FIG. 10A is a schematic view of reference coefficients of left blocks of the present invention;

FIG. 10B is a schematic view of inter-lane permutation between operation lanes of the present invention;

FIG. 11 is a flowchart of retrieving left reference coefficients of each block of the present invention;

FIG. 12 is a schematic view of overlapping processing for loading data of chunk groups of a frame of the present invention;

FIG. 13 is a schematic view of overlapping processing for data restore of chunk groups of a frame of the present invention;

FIGS. 14-1 and 14-2 are schematic views of loading data for boundary expansion of a frame of the present invention;

FIGS. 15-1 and 15-2 are schematic views of data restore for boundary expansion of a frame of the present invention; and

FIG. 16 is a flowchart of a memory arrangement method for AC/DC prediction in video compression applications based on parallel processing of the present invention.
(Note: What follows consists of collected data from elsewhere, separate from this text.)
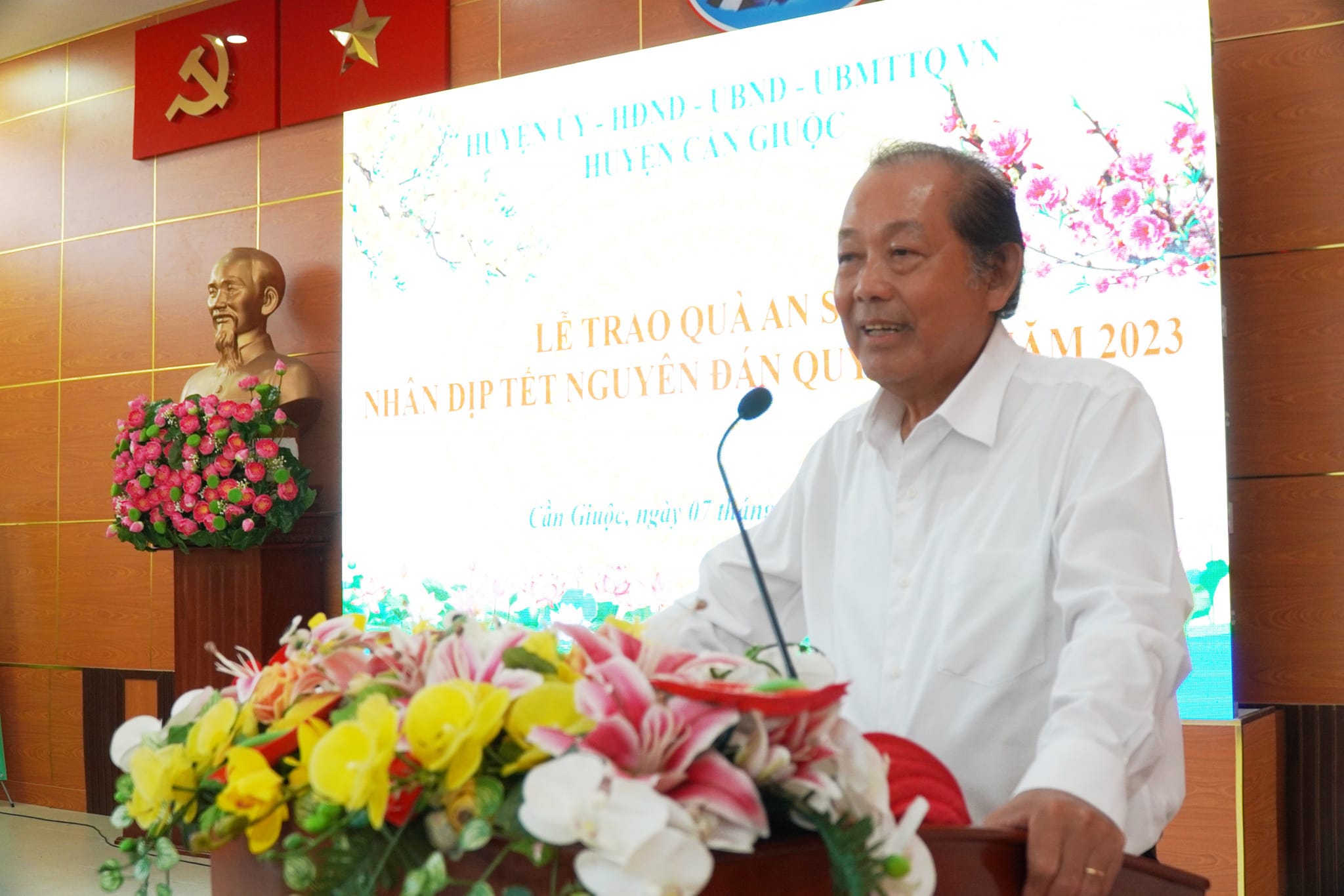 Tại buổi lễ, Bà Trương Minh Kiều – Chủ tịch UBND Quận 5, Tp.HCM và Công ty (Cty) sữa VP Milk đã hỗ trợ, trao tặng 200 phần quà, mỗi phần trị giá 1.000.000 đồng, Cty dầu khí hóa chất Đông Nam trao 300 phần quà trị giá 240.000.000 đồng, Cty TNHH MTV Kỹ thuật – Xây dựng – Môi trường Nhật Nam tặng 115 thẻ BHYT cho gia đình chính sách, hộ nghèo, hộ có hoàn cảnh khó khăn và lực lượng nồng cốt trên địa bàn huyện. Bí thư Huyện ủy Cần Giuộc - Trương Thanh Liêm cho biết: “Thời gian qua, Đảng bộ, Chính quyền và Nhân dân huyện Cần Giuộc đã có nhiều nỗ lực trong việc chăm lo phát triển kinh tế - xã hội, từng bước nâng cao đời sống của Nhân dân. Tuy nhiên do ngân sách của huyện còn hạn chế, sự quan tâm, chia sẻ của các tổ chức, cá nhân trong và ngoài nguyện là rất ý nghĩa và đáng trân trọng. Đồng chí Bí thư Huyện ủy cảm ơn sự đồng hành, chia sẻ của các doanh nghiệp, tổ chức, cá nhân trong thời gian qua đã cùng với địa phương thực hiện tốt công tác an sinh xã hội cũng như các hoạt động phát triển kinh tế xã hội. Trước thềm năm mới, đồng chí chúc các gia đình đón tết vui tươi, đầm ấm, tiếp tục phát triển kinh tế gia đình, từng bước vươn lên ổn định cuộc sống. Dịp này, hội doanh nhân trẻ tỉnh Long An, chi hội doanh nhân trẻ huyện Cần Giuộc hỗ trợ 250.000.000 đồng, CTCP vàng bạc đá quý Bến Thành hỗ trợ 200.000.000 đồng, Công ty cổ phần Long Hậu hỗ trợ 100.00.000 đồng, CTCP môi trường Tân Thiên Nhiên, Công ty xây dựng Hưởng Thanh Bình, Công ty khai thác và quản lý khu công nghiệp Đặng Huỳnh, Ngân hàng Agribank chi nhánh đông Long An, nhóm doanh nghiệp nhựa Phước Lý hỗ trợ tổng số tiền 250.000.000 đồng để chăm lo cho các đối tượng nhân dịp Xuân Quý Mão 2023.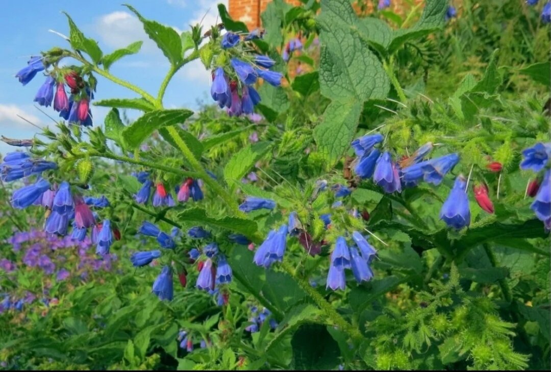 Шершаво-сизый окопник с яркими синими цветками, внезапно появившийся на краю огорода, – гость полезный. Он красив сам по себе, является отличным медоносом, по осени его крупные побеги можно срезать и добавить к перепревающему компосту. А если заготовить немного сухого корня, в кладовке всегда будет запас народного лекарства для лечения досадных и болезненных травм.
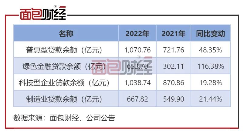 2022年,重点领域贷款规模和客户群体快速增长,超过全行贷款和客户平均增速。年末普惠型贷款、绿色贷款、科技型企业贷款、线上供应链金融贷款余额较上年末分别增长48.35%、116.38%、19.28%、61.43%,核心企业客户数较上年末分别增长133.88%、148.05%、84.65%、58.40%。

DETAILED DESCRIPTION OF THE INVENTION

Several exemplary embodiments of the invention are described with reference to FIGS. 3 through 16, which generally relate to memory arrangement for AC/DC prediction in video compression applications based on parallel processing. It is to be understood that the following disclosure provides various different embodiments as examples for implementing different features of the invention. Specific examples of components and arrangements are described in the following to simplify the present disclosure. These are, of course, merely examples and are not intended to be limiting. In addition, the present disclosure may repeat reference numerals and/or letters in the various examples. This repetition is for the purpose of simplicity and clarity and does not in itself dictate a relationship between the various described embodiments and/or configurations.

The invention discloses a memory arrangement method and system for AC/DC prediction in video compression applications based on parallel processing.

An embodiment of a memory arrangement method and system for AC/DC prediction in video compression applications based on parallel processing achieves optimum operating efficiency for data operation and reading based on parallel computing characteristics (Single Instruction Multiple Data (SIMD)) of an operation unit of the system. Additionally, the method transplants a VC-1 video compression system running in an operating system (the Windows operating system, for example) to a system platform using a digital signal processor (DSP) as an operation unit and implements a real-time VC-1 encoder according to parallel computing characteristics of a hardware core of the system platform.

FIG. 3 is a schematic view of a memory arrangement system for AC/DC prediction in video compression applications based on parallel processing of the present invention.

The memory arrangement system 100 comprises a general purpose unit 110, a synchronous dynamic random access memory (SDRAM) 130, and a data parallel unit 150. The general purpose unit 110 further comprises a processor 111 with millions of instruction per second (MIPS) and a general purpose unit (GPU) bus 113. The MIPS processor 111 is responsible for system tasks. The GPU bus 113 is responsible for communicating with the system input and output (I/O) of peripheral components and user interfaces of applications. The SDRAM 130 is an off-chip access unit.

The data parallel unit 150, responsible for parallel computing of mass data, further comprises an inter-lane switch 151, plural operation lanes 153, and a data stream load and storage unit 155. In this embodiment, the system 100 comprises 16 operation lanes (0˜N, N=15, comprising data parallel processing lanes 0˜15 and inter access unit lanes 0˜15) but is not to be limitative. Each operation lane can be served as an independent operation unit, i.e. a data parallel processing lane, each independent operation unit comprises its own inter access unit (or so-called lane register file (LRF)), and an operation instruction can be simultaneously implemented to 16 operation lanes. That is to say, a task is being performed each time, thus enhancing operating efficiency via mass data parallel operations.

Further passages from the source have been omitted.